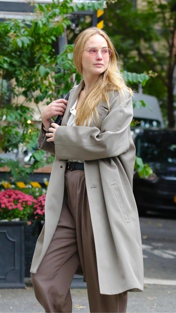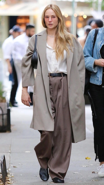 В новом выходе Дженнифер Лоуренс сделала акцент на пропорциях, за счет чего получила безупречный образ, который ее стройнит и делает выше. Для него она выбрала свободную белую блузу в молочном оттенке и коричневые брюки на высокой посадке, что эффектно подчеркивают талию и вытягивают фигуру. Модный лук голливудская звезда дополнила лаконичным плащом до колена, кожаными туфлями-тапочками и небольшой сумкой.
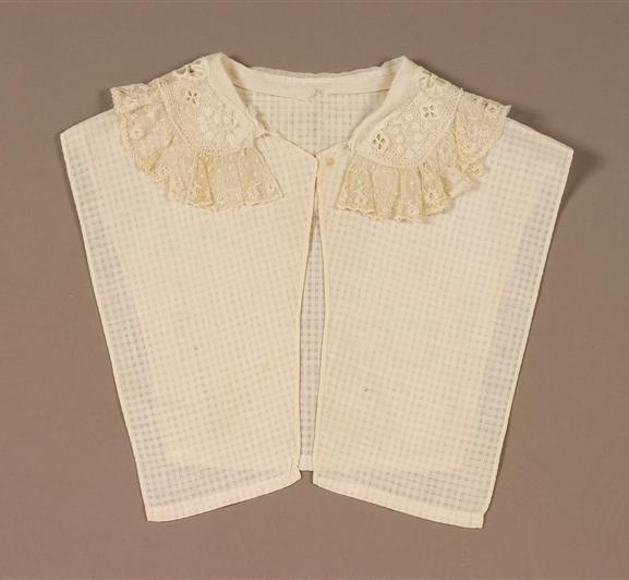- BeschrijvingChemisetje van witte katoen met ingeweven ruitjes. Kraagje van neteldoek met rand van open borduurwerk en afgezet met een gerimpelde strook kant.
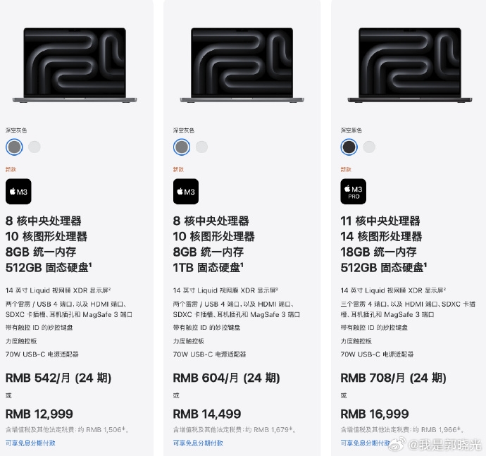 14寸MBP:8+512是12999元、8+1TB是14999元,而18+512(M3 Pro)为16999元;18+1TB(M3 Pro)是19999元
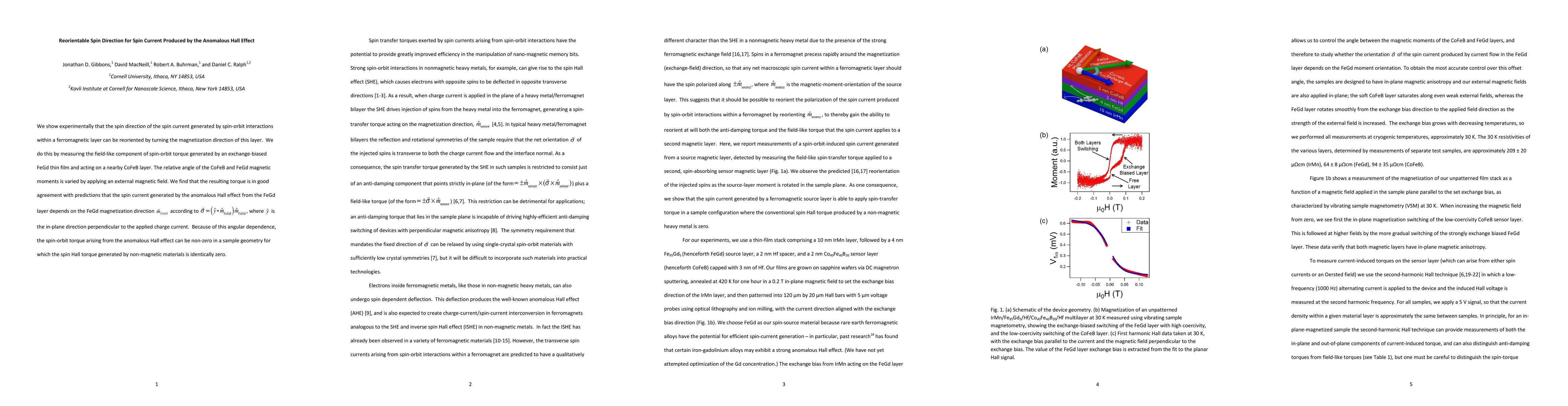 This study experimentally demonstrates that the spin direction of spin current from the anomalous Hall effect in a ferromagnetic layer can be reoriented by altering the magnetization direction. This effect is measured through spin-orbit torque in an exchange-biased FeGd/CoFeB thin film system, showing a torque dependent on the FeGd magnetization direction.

##############################

What should appear is an exact reproduction of the lines from the one with "- BeschrijvingChemisetje van" through the end of the material above, and no pictures.

> [Expected answer]
- BeschrijvingChemisetje van witte katoen met ingeweven ruitjes. Kraagje van neteldoek met rand van open borduurwerk en afgezet met een gerimpelde strook kant.
 14寸MBP:8+512是12999元、8+1TB是14999元,而18+512(M3 Pro)为16999元;18+1TB(M3 Pro)是19999元
 This study experimentally demonstrates that the spin direction of spin current from the anomalous Hall effect in a ferromagnetic layer can be reoriented by altering the magnetization direction. This effect is measured through spin-orbit torque in an exchange-biased FeGd/CoFeB thin film system, showing a torque dependent on the FeGd magnetization direction.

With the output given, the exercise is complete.